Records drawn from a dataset
----

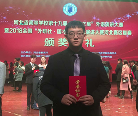 2018年11月17日-18日,由河北省教育厅、省高校外语专业教学指导委员会、省高校外语学会主办,河北师范大学承办的河北省高等学校第十九届“世纪之星”外语演讲大赛在省会石家庄隆重举行,来自我省103所高校的411名优秀选手参加了为期两天的激烈角逐。大赛分英语专业学生组、非英语专业学生组、英语教师组、高职高专组、日语专业学生组、日语专业教师组六个组别进行。我系鲍文楷同学荣获一等奖,为beat365官网赢得了荣誉。
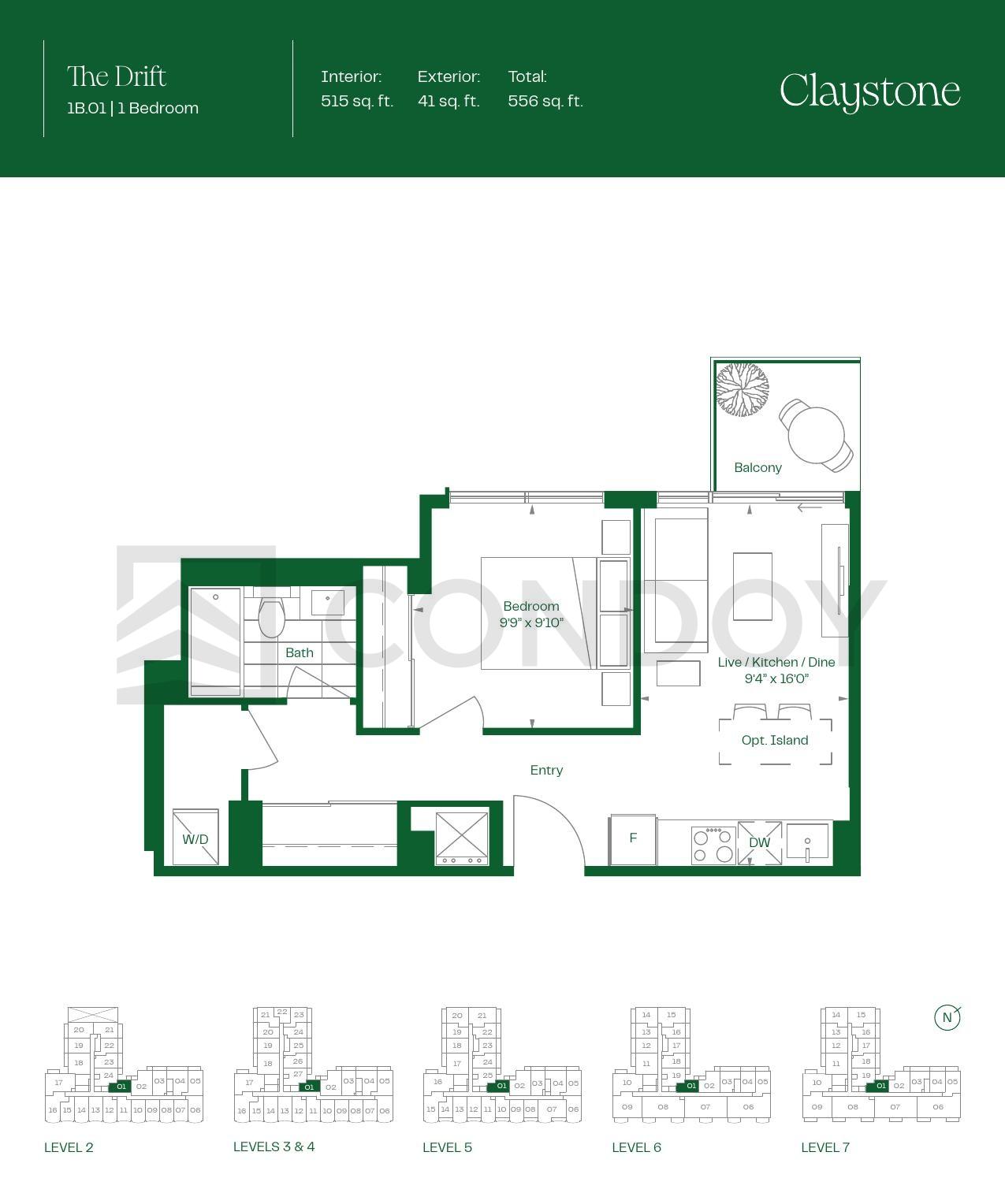 The Drift 1 Bed , 1 Bath 515 SQFT North
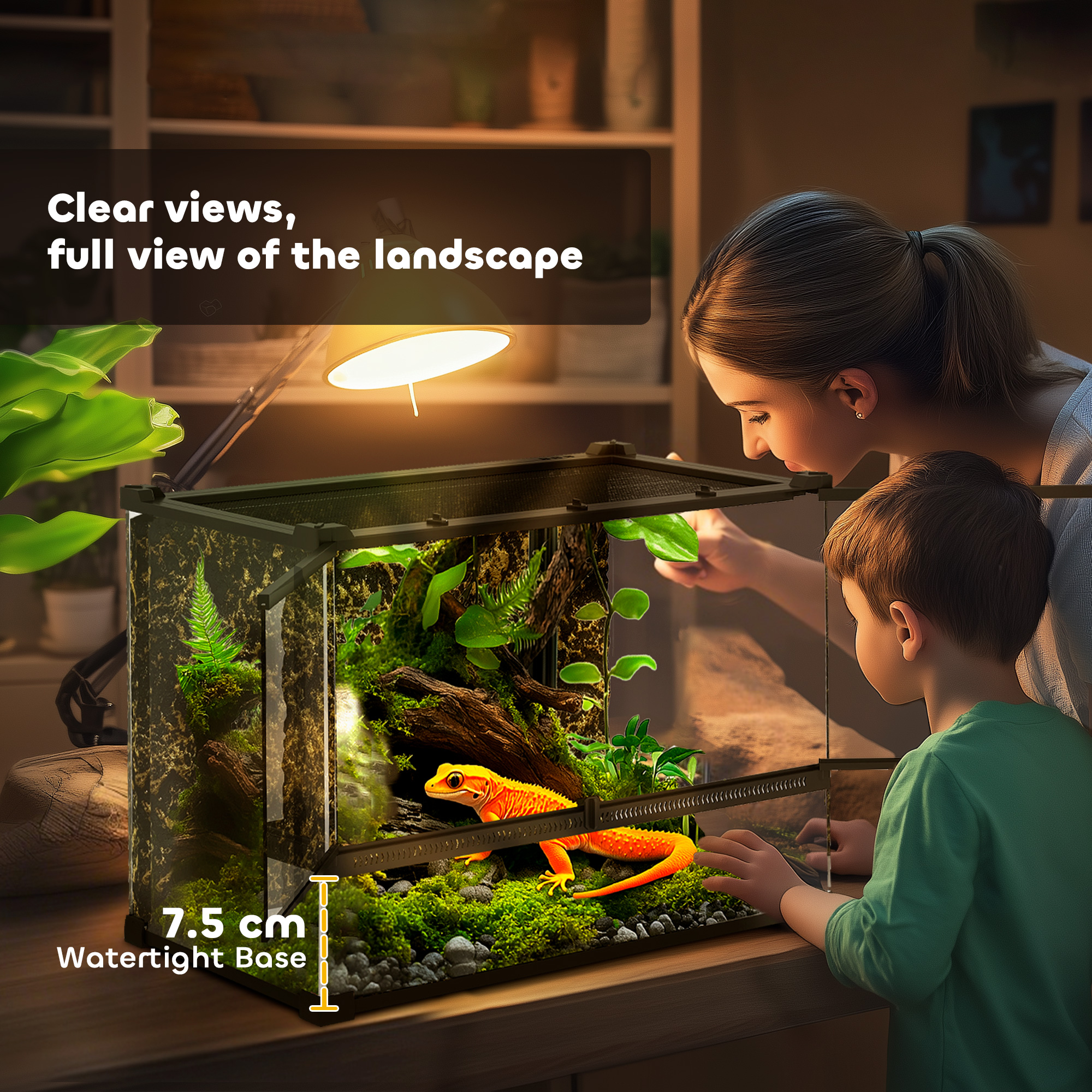 A stylish glass vivarium designed for clear viewing of your reptile's habitat. The front-opening door includes a secure knob lock to prevent escapes, while the ventilated mesh top ensures consistent airflow. Suitable for lizards, snakes, frogs, turtles, tortoises and other reptiles, it features a textured rock background that supports naturalistic landscaping, creating a space that mimics their natural surroundings.
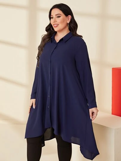 Mulvari 大碼不對稱下擺前紐扣襯衫 - 藏蓝色 - 查看 1
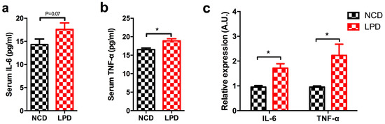 Effect of maternal LPD on serum IL-6 and TNF-α concentrations and mRNA expression in the offspring at weaning. (a) Serum IL-6; (b) serum TNF-α; and (c) IL-6 and TNF-α mRNA expression in the livers of offspring. Data represented as the mean ± SEM (n = 6 to 8, per group). * p < 0.05, vs. the NCD group. LPD, low-protein diet; NCD, normal chow diet; IL-6: interleukin-6; TNF-α: tumor necrosis factor-α.

----

#### WHAT TO WORK ON
Where pictures appear, drop them, and reproduce exactly only the lines running from the beginning of the data to the line that contains "Mulvari 大碼不對稱下擺前紐扣襯衫 - 藏蓝色 - 查看 1", inclusive.

#### TASK RESPONSE
 2018年11月17日-18日,由河北省教育厅、省高校外语专业教学指导委员会、省高校外语学会主办,河北师范大学承办的河北省高等学校第十九届“世纪之星”外语演讲大赛在省会石家庄隆重举行,来自我省103所高校的411名优秀选手参加了为期两天的激烈角逐。大赛分英语专业学生组、非英语专业学生组、英语教师组、高职高专组、日语专业学生组、日语专业教师组六个组别进行。我系鲍文楷同学荣获一等奖,为beat365官网赢得了荣誉。
 The Drift 1 Bed , 1 Bath 515 SQFT North
 A stylish glass vivarium designed for clear viewing of your reptile's habitat. The front-opening door includes a secure knob lock to prevent escapes, while the ventilated mesh top ensures consistent airflow. Suitable for lizards, snakes, frogs, turtles, tortoises and other reptiles, it features a textured rock background that supports naturalistic landscaping, creating a space that mimics their natural surroundings.
 Mulvari 大碼不對稱下擺前紐扣襯衫 - 藏蓝色 - 查看 1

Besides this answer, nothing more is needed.